By Giri Nathan
Let’s say that you are a 77-year-old bigot whose historically unmatched sporting feats are to be celebrated at a 50th-anniversary event in your home country. (I hope this requires a leap of the imagination along at least one axis.) My advice to you—cynical though it may seem to a sincere, fullhearted hater—would be to keep that bigotry in your mouth for just a few months leading up to the big day. It might be hard. But it’s okay. We’ll take your word that you still don’t care for gay people. We just don’t need all the steady reminders. It’s making all the event-planning way too complicated.
Margaret Court, who notched a calendar Grand Slam in 1970 and will be celebrated for it at this Australian Open, could not stomach this advice. These days the 24-time major winner is a minister at a church in Perth, where, presumably, she has a vast range of options when it comes to subject matter in her sermons. But last month she couldn’t resist returning to that familiar, favorite territory. “Because we are living in a season, even that LGBT and the schools—it’s of the devil, it’s not of God…,” Court muttered during an ambiguously peeved sermon in late December, which also took issue with the existence of trans children, athletes, and people generally. You could have talked about anything, Margaret. Then again, this is the lady who in 1970 went out of her way to praise apartheid—“South Africans have this thing better organised than any other country, particularly America”—who in 2017 complained that the sport was “full of lesbians,” and who seems to believe, above all, in never being pried away from her own hate. “Hold on to your beliefs, no matter how unpopular, no matter if saying your piece is going to get you in trouble,” she once said, making me wonder why conviction per se is hailed as a virtue, when it is so often aimed toward ugly ends.

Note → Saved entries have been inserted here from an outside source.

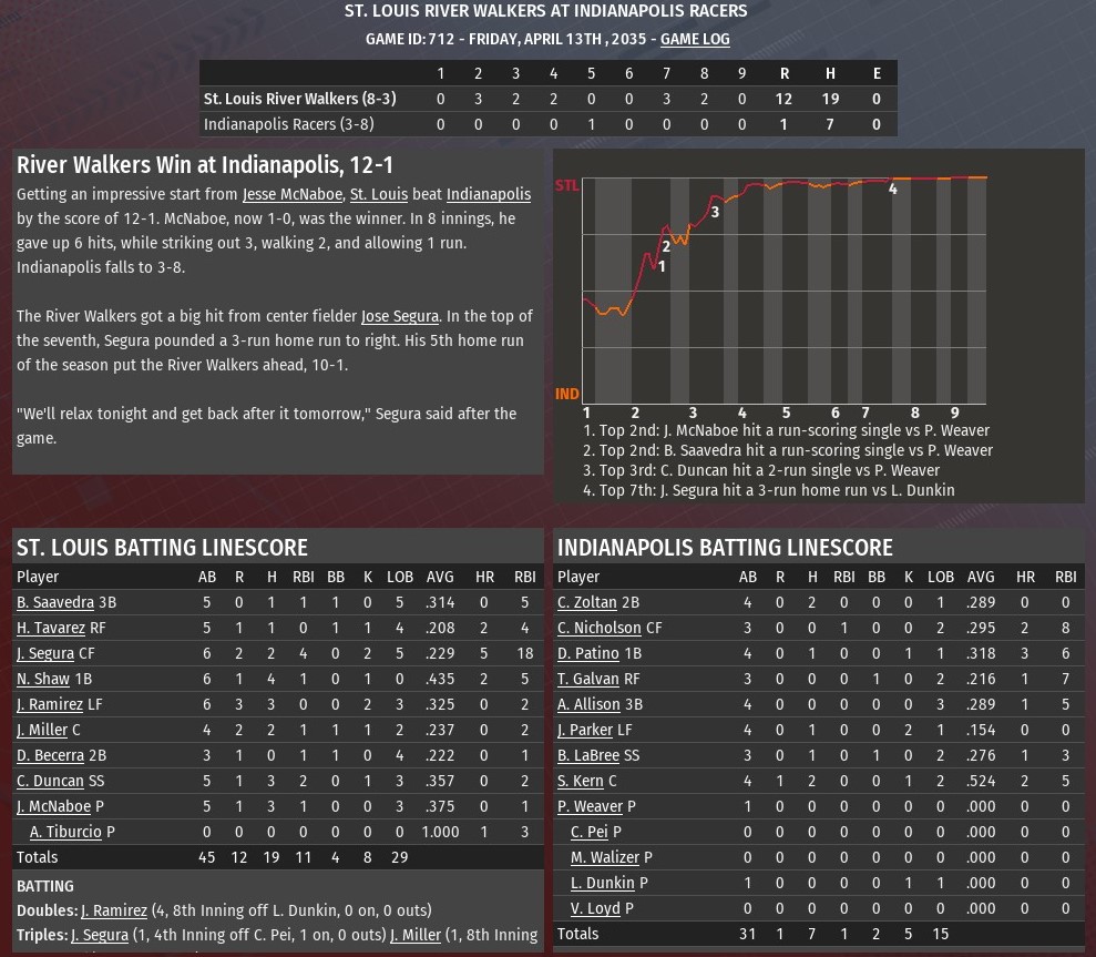 Jose Ramirez hit a two-run homer in the top of the first inning, and St. Louis never trailed in defeating Milwaukee 5-4 at Miller Park (2020). The win gave the River Walkers in two of the three games in the series. Bob Saavedra led off the game with a single off Crusher starting pitcher Scott Muller. Two batters later, Ramirez hit his fourth home run of the season to put St. Louis up 2-0. A solo homer from the Crushers' Nicolas Thibault off St. Louis starting pitcher Edward Kunselman cut the lead in half in the top of the second. Nick Shaw hit his sixth homer of the season, a solo jack off Mueller, in the top of the third to make it 3-1. Milwaukee came right back to make it 3-2 in the third. Caiden Matheny led off the inning with a double off Kunselman. Levi Usher brought Matheny home with a one-out double. The Walkers gave themselves some breathing room with two runs in the top of the seventh. Saavedra led off the inning with a double off reliever Tony Lujano. Jose Ramirez later drew a one-out walk. An errant pickoff throw by Lujano moved the base runners to second and third. Nick Shaw plated them both with a single. Thibault homered for the second time in the bottom of the eighth, it came off Nick Ruffalo, to pull the Crushers to within 5-4. But Nick Strother pitched around a lead-off walk in the ninth for his fourth save. Kunselman (2-2) earned the win after allowing two runs on four hits over 5.2 innings. He struck out seven and walked one. Zachary Stella got the final out of the sixth. Scott Rissler (0.2 IP) and Greg Sones (0.1) combined on a quiet seventh. Ruffalo's eighth was not quiet, as he gave up two runs to allow the Crushers to draw within 5-4. Strother shook off a series of bad outings in the ninth for his fourth save. |
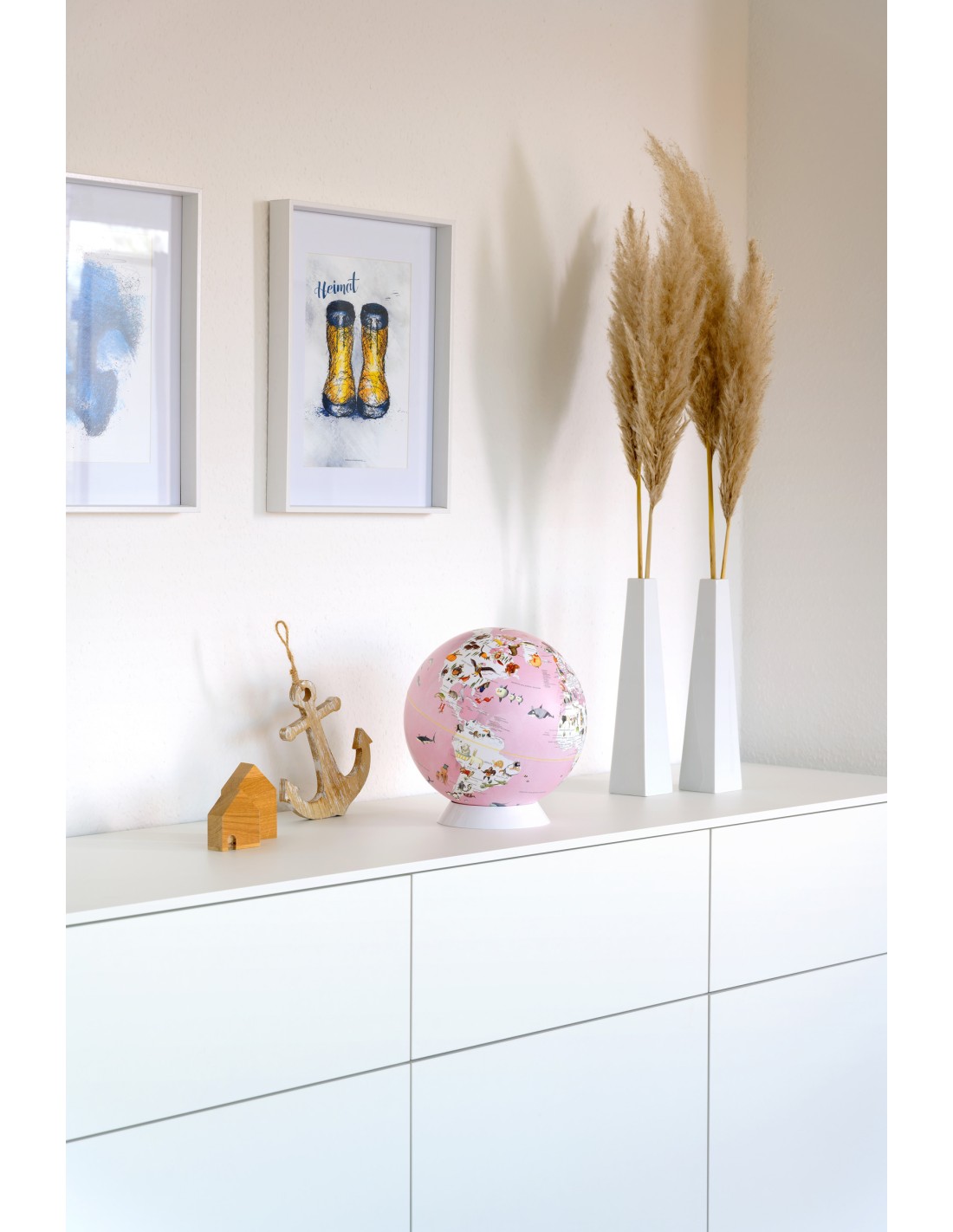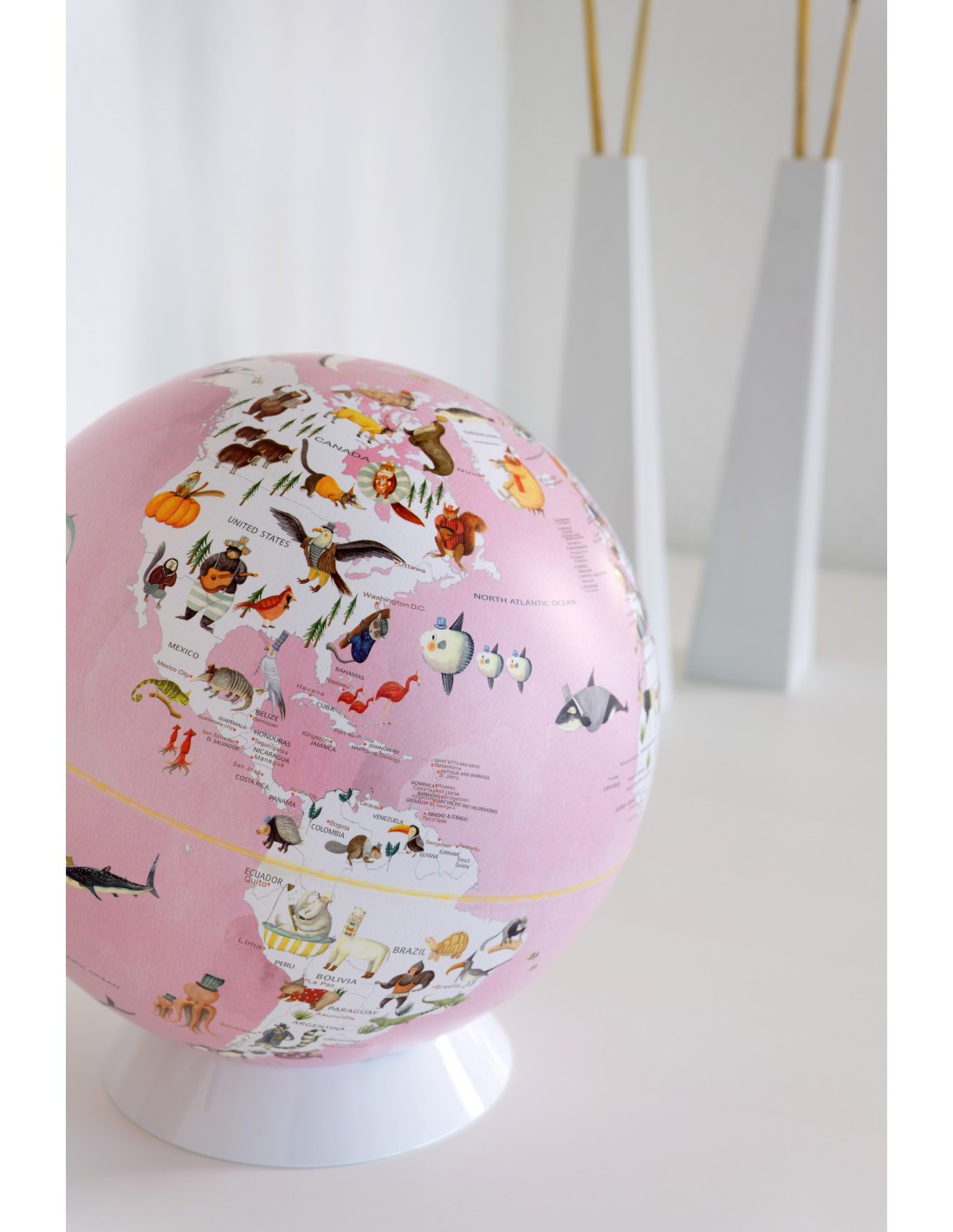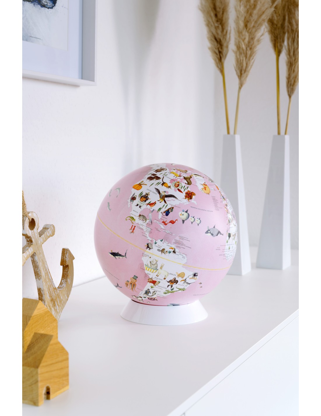 Tiersymbole wurden gestaltet durch den bekannten taiwanischen Illustrator Nan-Jun. Der 250 Millimeter große Globus ist in blauer und pinkfarbener Ausführung erhältlich. Er ruht auf einem Ring aus Kunststoff und lässt sich zum Anschauen auch herunternehmen.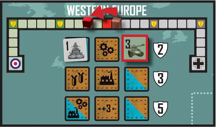 The Allied player places a 3-strength army to close this campaign. He moves the battle marker three spaces in his favor, gaining one war victory point from the victory point icon on the battle track, and gains a further two war victory points for closing this campaign.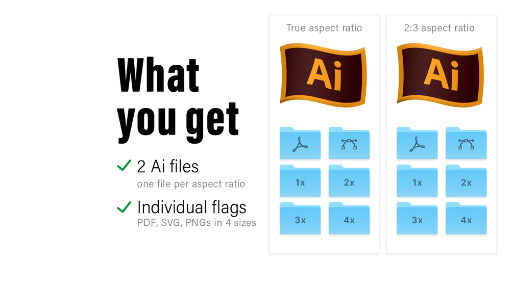 1 .ai file per aspect ratio (true and 2:3) + each flag as a PDF, SVG, & PNG (4 sizes)

That conviction has meant headaches for Tennis Australia, the governing body of the Australian Open, which is figuring out how to honor Court while voicing their reservations in the sterile, conviction-free language of PR. In late November they let out a damage-control open letter, noting that “it is common practice to draw a distinction between recognising champions and celebrating heroes, and it is an important distinction.” Court has vigorously confirmed that distinction with her comments since that letter. Last week, Tennis Australia said that Court would not present the trophy to the women’s singles champion, which she has done several times in the past. Tennis Australia finds itself in the awkward business of trying to marginalize a person that tennis in Australia has chosen to center.
Because for now, the fact remains that many of the world’s best players may have to walk onto a court named after a woman who more or less sees them as a social ill. Melbourne Park still boasts a Margaret Court Arena, some 33 years and plenty of bile later. We don’t often frame the preservation of the status quo as a decision, but it is. The choice to keep that name around is a choice, just as it is Court’s choice to keep venting her frustration with an ever-so-slightly less oppressed world. And the standards of tennis competition have evolved even faster than the standards of basic decency. It’s not clear why winning 24 major titles—in an era where as few as 43 competitors entered the Australian Open draw, and many top players didn’t bother to schlep down under—should guarantee naming rights in perpetuity. Steffi Graf’s 22 seemed to be the real marker that Serena Williams chased, and passed. While Serena would “tie” Court with one more, somehow I doubt that tie will be taken too seriously by a sane observer.
Without getting too grim and actuarial up in here, odds suggest that a 50th anniversary might just be the last time one is ever entitled to the public eye. What if Melbourne Park treated Court’s last bit of obligatory relevance as an opportunity to reset, to rename? There’s a fresh new decade ahead, one in which Australia is likely to thrive: They claim the world’s top player in Ashleigh Barty, who is exactly as endearing as Court isn’t, and Alex de Minaur is busy setting land speed records on hard court. Tennis in Australia has every reason to look ahead, and away from Margaret Court. Name the court literally anything else. Name it for the marsupials who’ve perished in these apocalyptic fires, and who are unlikely to be canceled for their bigotry. We’re already committed to seeing an awful name everywhere for the next fortnight, but in 2021 I better be watching the action on Noble Wombat Arena.